- _Data to use_
★ ★ ★ ★ ★
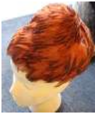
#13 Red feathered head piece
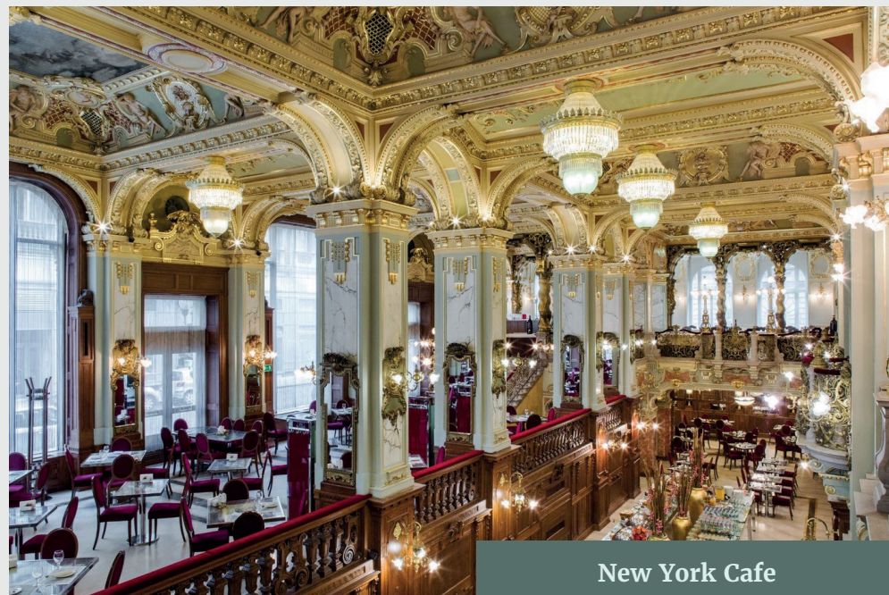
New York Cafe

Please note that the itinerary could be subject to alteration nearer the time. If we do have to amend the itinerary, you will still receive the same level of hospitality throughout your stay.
★ ★ ★ ★ ★
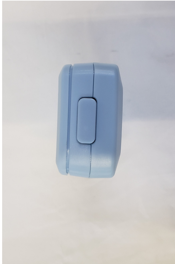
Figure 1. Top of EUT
★ ★ ★ ★ ★
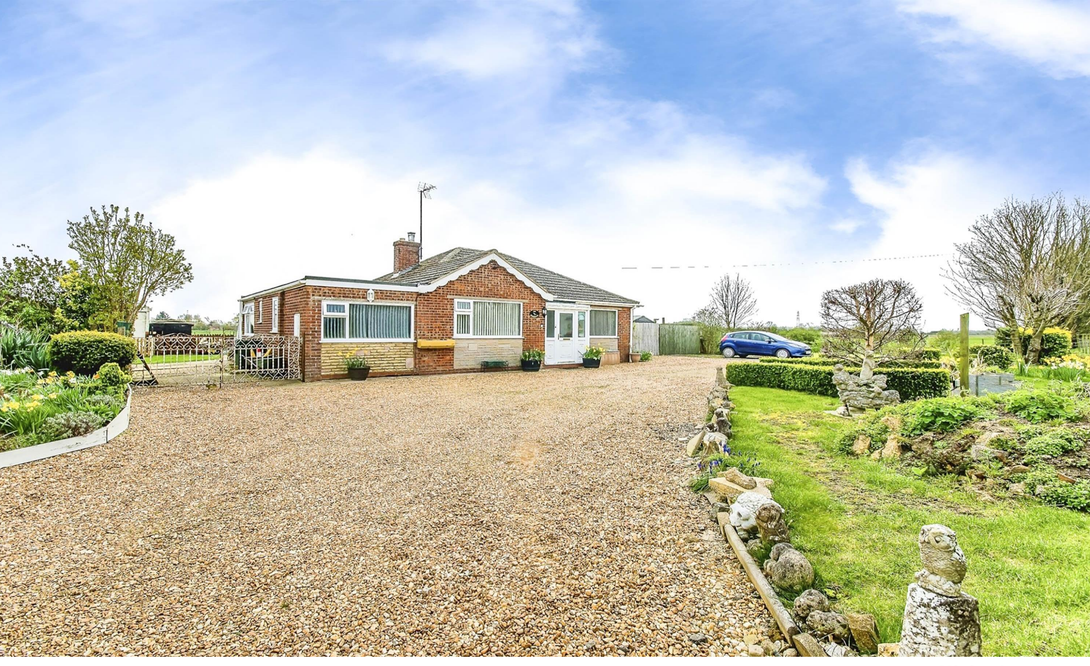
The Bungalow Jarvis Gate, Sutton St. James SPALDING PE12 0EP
★ ★ ★ ★ ★
- _Activity_
Above are the records. Copy only the lines from the one with "#13 Red feathered head piece" through the one with "Please note that", exactly, with no pictures.

- _Task result_
#13 Red feathered head piece
New York Cafe

Please note that the itinerary could be subject to alteration nearer the time. If we do have to amend the itinerary, you will still receive the same level of hospitality throughout your stay.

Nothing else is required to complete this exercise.